From the mafioso perspective, I assumed he would be bringing the ultimate disgrace to himself and his own family. But I was wrong. As news of Peppe's appearance spread in Rosarno, the Carabinieri station turned into a pilgrimage site.
In pairs, small groups, leaning on walking sticks or carried in push-chairs, dozens and dozens of relatives and well-wishers from six months old to 90, came to pay their respects to the fallen boss.
The Carabinieri were faced with a difficult decision. Whether or not to show magnanimity to a man who had not seen his family in three years and most likely will not for many more.
Grandmother Giuseppa, fully clad in black from head to toe, was among the first to be allowed in the room where her grandchild was sitting. Covering the last tooth left in her mouth with a hand, she wept.
"Where are you going?" she asked.
"Come on, grandma. To prison, of course," he said.
"I will never see you again," she said.
"Don't worry," he said and laughed dismissively. "I'll hurry up. I have done nothing wrong. I am in the goat business."
The second, younger-looking grandmother chimed in. "Your innocence will be proved, just as Christ was resurrected," she said.
One after the other, aunts, cousins, in-laws streamed in, hugged him and kissed him. Some cried, most were jovial, a few were quick and deferential.
As Peppe became increasingly relaxed in his chair, the exercise began to look like a presidential audience of sort.
But plainclothes Carabinieri were paying close attention to each and every visitor as they filled out the gaps in their mental map of the clan. Their magnanimity suddenly made a lot more sense.
Peppe's mother and younger sister came in last. As they bawled, they were holding his three-year-old daughter. She had hardly ever seen her fugitive father and turned away from his outstretched arms.
"Is it true you don't eat much, my baby?" he asked.
"Yes," she said.
"Listen to daddy - if you don't eat, you'll never grow up," he said.
"I want to stay small," the three-year-old replied. Peppe Pesce went quiet. In a corner of the room, I had a knot in my stomach.
Nearly all of the visitors were women. Most men in the Pesce family are now behind bars.
House arrest
Only two weeks ago, in one of the most significant anti-'Ndrangheta trials to date, 42 members of the Pesce clan received a total of 500 years in jail. Peppe Pesce was sentenced to 16 years for Mafia association in absentia, which he will now begin to serve, in a high-security jail.
The net had been closing around Peppe Pesce for months as, one by one, his accomplices had been arrested. Only two weeks ago his wife, who is seven months pregnant, was put under house arrest for passing her husband's orders around.
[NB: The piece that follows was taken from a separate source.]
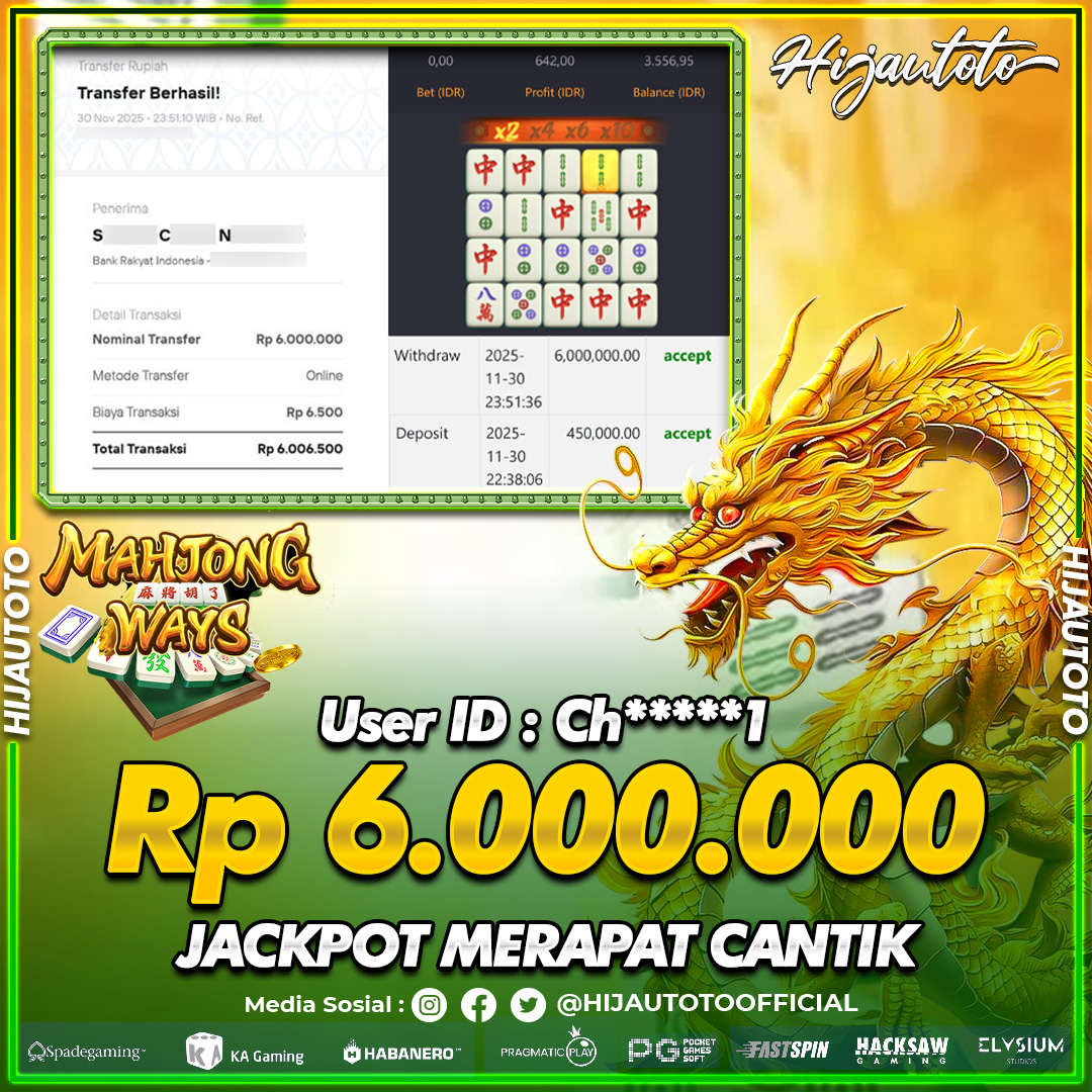 Selamat datang di HIJAUTOTO, tempatnya seru-seruan dan cuan besar! Mulai main cukup dengan modal Rp5.000 aja, taruhan super murah dari Rp100 perak! Mau main slot yang penuh warna? Atau togel dari 20 pasaran paling hits? Atau mungkin tembak ikan yang bikin deg-degan? Tenang, ada juga taruhan bola, sabung ayam, dan live casino yang bikin suasana makin hidup! Daftar sekarang dan dapetin bonus new member 100% langsung, biar modalmu makin tebal. Deposit gampang banget, bisa pakai QRIS, dan kalau butuh bantuan, customer service kita siap 24 jam nonstop. Jadi, tunggu apa lagi? Yuk, gabung dan bawa pulang kemenangannya cuma di HIJAUTOTO!
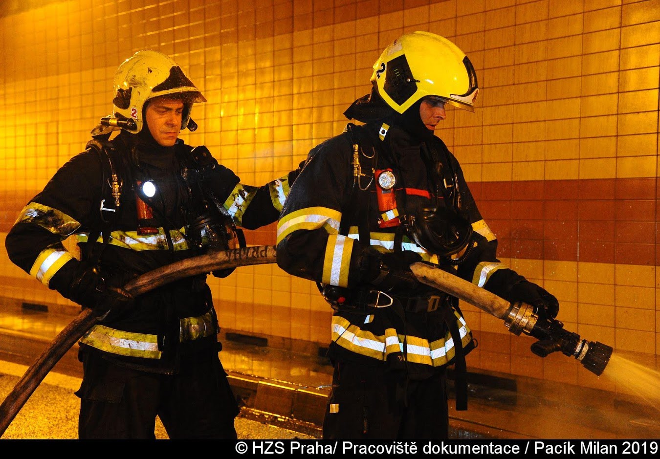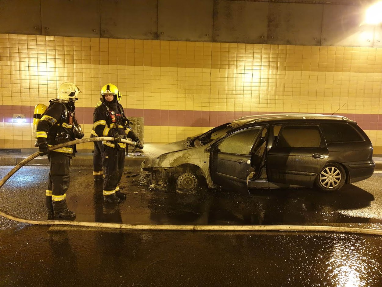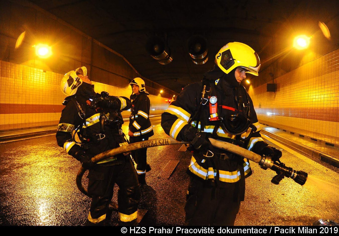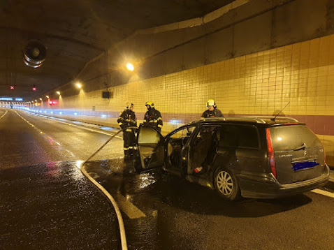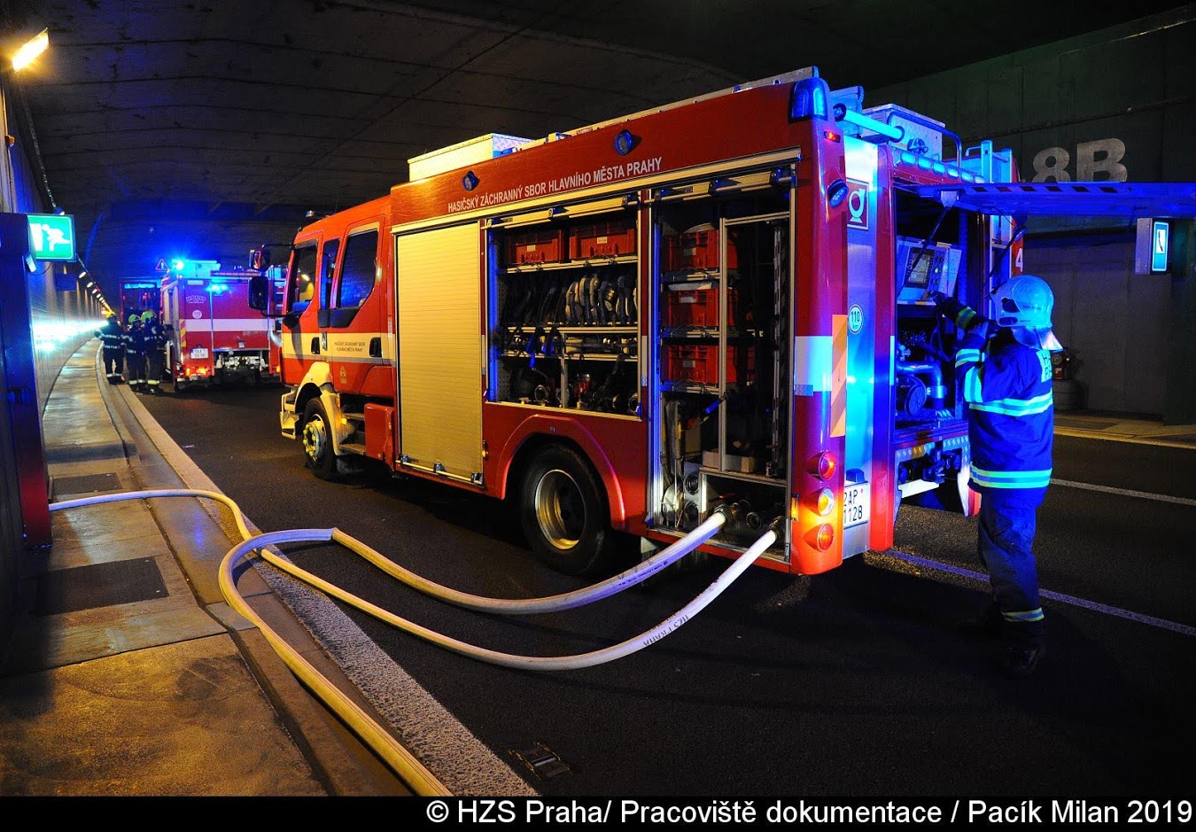 Dvě jednotky pražských hasičů zasahovaly od 17:12 hodin v troubě A Dejvického tunelu směrem k Barrandovu u požáru osobního auta v plném rozsahu. Na likvidaci plamenů byl nasazen jeden proud vody, hasiči zasahovali v dýchací technice. Pod kontrolu dostali požár v 17:17 hodin.

"This is a major success for the authority of the state. But don't be fooled," said Alessandra Cerreti, who led the investigation and prosecution against the clan.
"These are never individual decisions. Usually they are clan strategies. By sacrificing one they hope to relieve the pressure we are putting on the whole organisation. But it won't work."
As Peppe Pesce was led to a car be taken to jail, the crowds had lined up along the road. He smiled and waved to his family's cheers and claps.
As the first ever 'Ndrangheta boss to surrender to the state was driven away, an old aunt cupped her hand around her mouth and yelled: "Make sure you eat well."